INJAZ
- Founded: 1999; 27 years ago
- Focus: Youth, Education, Employment, Entrepreneurship
- Headquarters: Amman, Jordan
- Chairperson: Haethum Buttikhi
- Vice Chairperson: Ahmad Tijani
- Employees: 90+
- Website: https://injaz.org.jo/

= INJAZ =

Non-profit organisation

INJAZ is a non-profit organization established in 1999, with its headquarters situated in Amman, Jordan. The organization provides vocational training courses for children from developing nations. INJAZ operates over 44 initiatives across all twelve governorates of Jordan, collaborating with 3000 schools, 41 universities and colleges and 50 youth centers to deliver its programs.

==History==
Established in 1999, INJAZ originally operated as a project under Save the Children, funded by the United States Agency for International Development (USAID) and by Jordanian Queen Rania al Abdullah. The project was relaunched in 2001 as an independent nonprofit organization, led by Soraya Salti. Jordan enrolled over 100,000 students by the 2010-2011 school year.

INJAZ provides young people with vocational training and entrepreneurship skills. The organization receives support from Jordan's business and professional community, which contributes funds, as well as volunteer teachers and leaders.

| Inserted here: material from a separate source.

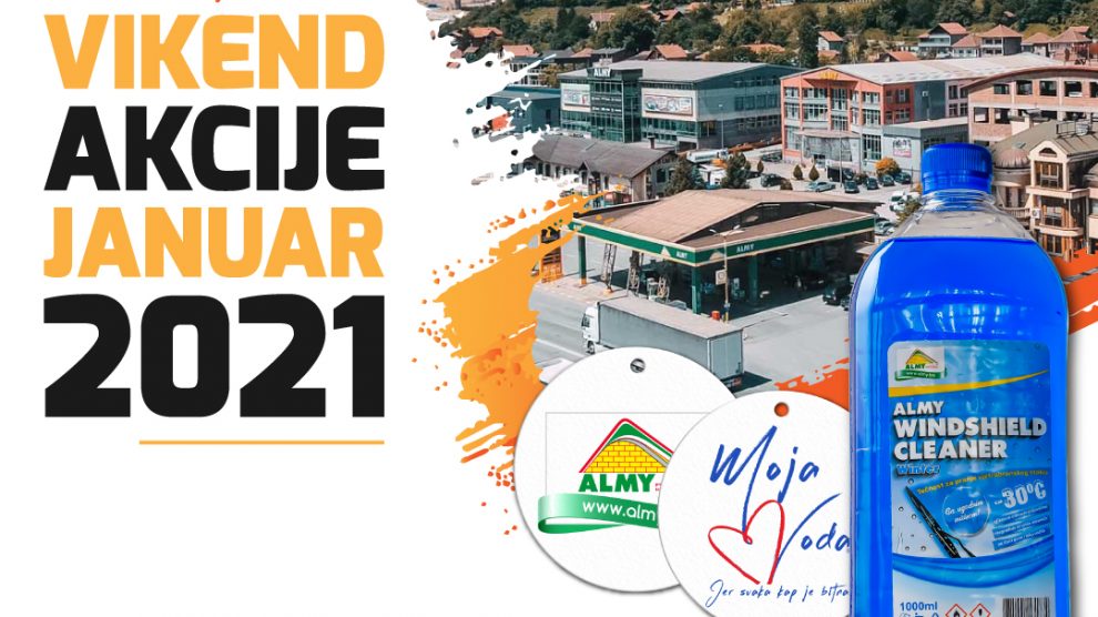 Vikend akcije kompanije Almy u januaru 2021. godine! Svi naši dragi kupci će tih dana dobiti GRATIS automiris, a kupci sa računima većim od 30,00KM će dobiti 1 lit. tečnosti za šajbu! Akcija će trajati slijedećih dana: – 03.01.2021. – 10.01.2021. – 17.01.2021. – 24...

In 2018 INJAZ established mySTARTUP, a subsidiary incubator program that helps youth and women entrepreneurs launch startups. The current operational capacity of mySTARTUP allows it to incubate 100 startups a year.

==Locations==
INJAZ is headquartered in Amman, Jordan, and operates field offices in various locations across the country, including Irbid, Zarqa, Al Karak, Wadi Musa, Tafilah and Aqaba.